Standard cross-entropy loss is computed over non-structural tag tokens in the FML sequence. Room permutation augmentation (random shuffling of room order) is applied during training to encourage the model to learn permutation equivariance — ablation shows this reduces FID from 24.36 to 14.17.

Key Experimental Results¶

Main Results¶

Task	Method	FID↓	GED↓	IoU↑
Unconditional	GSDiff	15.02	-	-
Unconditional	FMLM	7.22	-	-
Boundary-conditioned	Graph2Plan	34.20	-	95.87%
Boundary-conditioned	FMLM	6.51	-	97.86%
Graph-conditioned (ALL)	HouseGAN++	48.44	2.57	-
Graph-conditioned (ALL)	HouseDiffusion	29.31	1.55	-
Graph-conditioned (ALL)	FMLM	3.41	1.21	-
Boundary+Graph (ALL)	Graph2Plan	22.87	3.43	92.96%
Boundary+Graph (ALL)	FMLM	14.17	1.24	97.59%

Ablation Study¶

Configuration	FID↓	GED↓	IoU↑	Note
Full + permutation aug.	14.17	1.24	97.59%	Full model
w/o permutation aug.	24.36	2.35	95.82%	FID +72%
Ascending index order	94.57	-	-	Very poor FID
Descending index order	25.50	-	-	Descending far superior

Key Findings¶

Room permutation augmentation is critical — removing it increases FID from 14.17 to 24.36 (+72%), indicating that learning permutation equivariance is essential for generalization.
FMLM substantially outperforms GAN-based and diffusion-based methods across all conditioning settings.
Constrained decoding guarantees 100% syntactically valid outputs, whereas post-processing pipelines in methods such as HouseDiffusion cannot provide this guarantee.
Performance degrades slightly for 8-room layouts (FID increases from 3.41 to 4.64) due to limited training samples.

Highlights & Insights¶

Elegance of the markup representation: Reformulating structured generation as sequence prediction via grammar rules is a clean and transferable paradigm, applicable to other structured generation tasks such as circuit layout or molecular structure generation.
Zero-overhead hard constraints: Masking invalid tokens at inference time enforces hard syntactic constraints without additional computation, which is more reliable than post-hoc correction.
Multi-task unification: A single model handles unconditional, boundary-conditioned, graph-conditioned, and completion tasks simultaneously, eliminating the redundancy of maintaining task-specific architectures.

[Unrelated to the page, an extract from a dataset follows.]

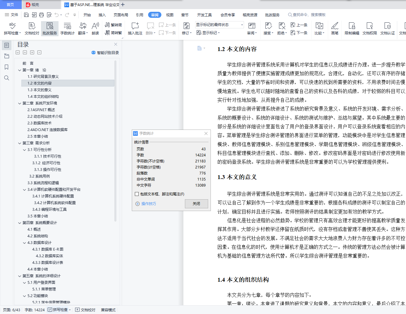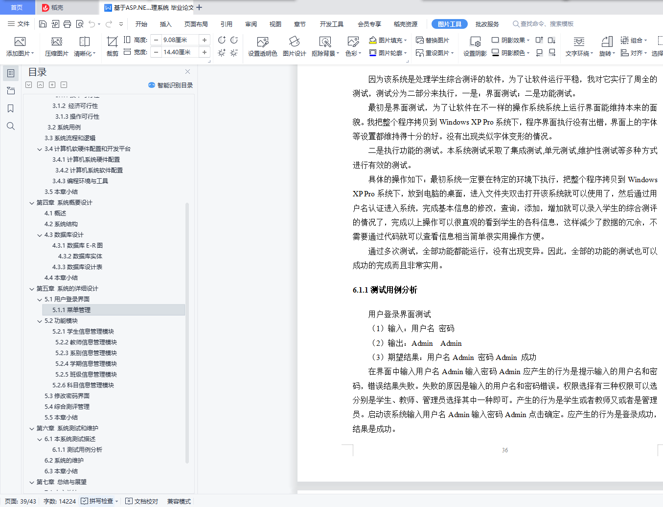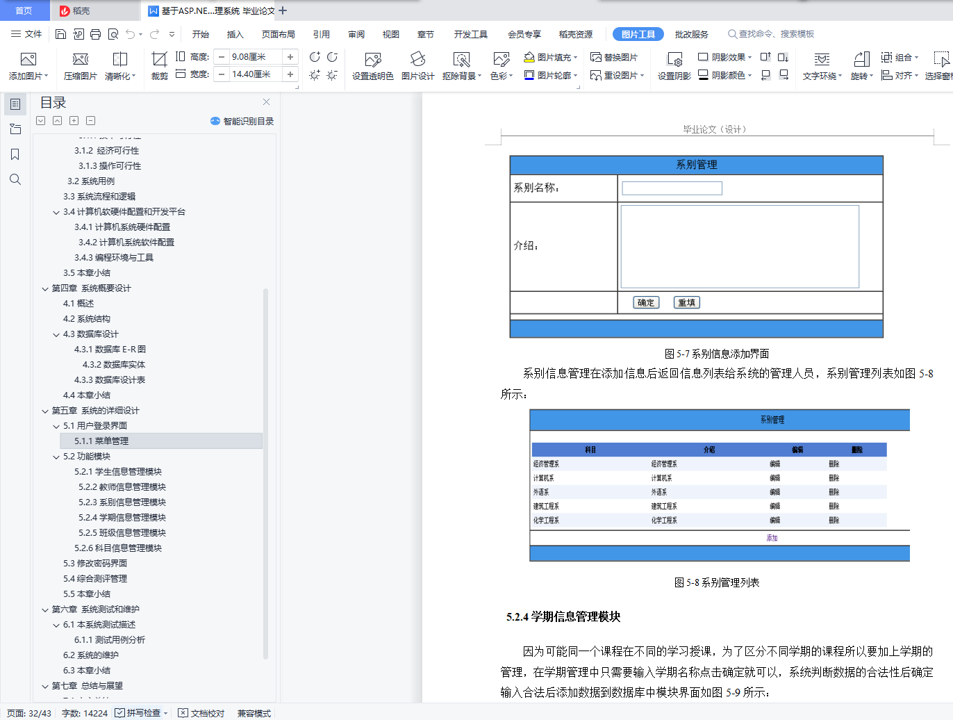 目 录前 言 1第一章 绪 论 21.1研究背景及意义 21.2本文的内容 31.3本文的意义 31.4本文的组织结构 3第二章 系统开发环境 52.1ASP.NET概述 52.2动态网站技术介绍 62.3数据库技术 62.4ADO.NET连接数据库 62.5本章小结 7第三章 需求分析 83.1可行性分析 83.1.1技术可行性 83.1.2经济可行性 83.1.3操作可行性 93.2系统用例 93.3系统流程和逻辑 103.4计算机软硬件配置和开发平台 123.4.1计算机系统硬件配置 123.4.2计算机系统软件配置 123.4.3编程环境与工具 123.5本章小结 12第四章 系统概要设计 144.1概述 144.2系统结构 144.3数据库设计 154.3.1数据库E-R图 154.3.2数据库实体 154.3.3数据库设计表 194.4本章小结 22第五章 系统的详细设计 235.1用户登录界面 235.1.1菜单管理 245.2功能模块 255.2.1学生信息管理模块 255.2.2教师信息管理模块 275.2.3系别信息管理模块 285.2.4学期信息管理模块 295.2.5班级信息管理模块 305.2.6科目信息管理模块 315.3修改密码界面 325.4综合测评管理 335.5本章小结 35第六章 系统测试和维护 366.1本系统测试描述 366.1.1测试用例分析 366.2系统的维护 376.3本章小结 37第七章 总结与展望 387.1本文总结 387.2后续工作展望 38参考文献 39致 谢 40摘 要随着信息技术在办理上越来越深切而普遍的应用,学生综合测评管理的实施在技术上已慢慢成熟。本文介绍了在VS 2010(Microsoft Visual Studio 2010)环境下采用自上而下地总体计划,自下而上的应用战略开拓一个学生综合测评管理系统。通过分析学生综合测评管理的不够,创建了一个学生综合测评管理系统的方案。文章讲了学生综合测评管理系统的系统分析部分,包含可行性分析、系统用例分析等,系统设计主要介绍了系统功能设计和数据库设计及代码设计。学生综合测评管理系统可以说是一个综合性的学生管理系统,这此中包括了用户登录模块的实现、学生信息管理模块、教师信息管理模块、系别信息管理模块、学期信息管理模块、班级信息管理模块、科目信息管理模块、修改密码模块、综合测评管理模块等,因此具有一定的实用性。本站是一个B/S(Browser/Server,浏览器/服务器结构)模式系统,采取了目前盛行的ASP.NET技术。系统界面友好,操作简单适用并且便利。关键词: 综合测评;ASP.NET技术;B/S前 言学生综合测评管理是最主要的管理方法之一,相对而言,传统的管理已经落后了如今都采用先进的技术进行有效的管理。怎样做到规范管理降低出错率,提高管理效率才是目前的首要任务。学生综合测评管理是学校一年一度的首要工作,为了保证公平公正公开的原则、数据庞大、计算复杂等特点,目前最普遍采用的方法是使用手工收集测评数据并进行计算,不能够保证测评数据的安全性和准确性。随着计算机信息技术日益发展壮大,很多领域都已经实现了信息技术的管理,如果本领域仍然在使用传统的手工方式,浪费了大量的人力物力和时间。随着技术的进一步发展,这一工作必将实现自动化管理,保证学生综合测评的数据更加的全面,让教师掌握学生各科成绩是否达标,针对不达标的科目采取针对性的措施让学生的成绩能够提高,对于取得好成绩的同学进行嘉奖,通过学生综合测评管理的表能够一目了然,掌握的信息更加的完善。基于上述所述,开拓了学生综合测评管理系统,界面友好,操作简单便利,易于使用,一心一意做到最好。当然系统中还是存在着许多的问题还需要努力。

Limitations & Future Work¶

Only single-story floorplans are supported; multi-story buildings would require extending the FML grammar.
Performance degrades for layouts with more than 8 rooms due to insufficient training data.
Coordinate quantization to a 256×256 grid may sacrifice precision; higher resolutions would increase vocabulary size.
Integrating with LLMs (natural language specification → floorplan generation) is a promising future direction.

vs. HouseDiffusion: Diffusion methods model continuous spaces and require vectorization post-processing, whereas FMLM directly generates vector results in discrete token space with greater precision.
vs. Graph2Plan: Requires a GNN encoder for adjacency graph conditioning, resulting in architectural complexity. FMLM serializes adjacency relationships directly into the FML condition segment, requiring no additional encoder.
vs. GSDiff: The raster-based diffusion approach achieves FID 15.02, compared to FMLM's 7.22; the gap primarily stems from the structural prior embedded in the vector representation.

Rating¶

Novelty: ⭐⭐⭐⭐ The markup language representation is a novel perspective, though autoregressive generation itself is not new.
Experimental Thoroughness: ⭐⭐⭐⭐⭐ Comprehensive comparisons across four conditioning settings, with ablations and multi-room-count analysis.
Writing Quality: ⭐⭐⭐⭐ Clear and fluent, with a rigorous definition of FML grammar.
Value: ⭐⭐⭐⭐ Directly applicable to architectural design, with a transferable markup-based generation paradigm.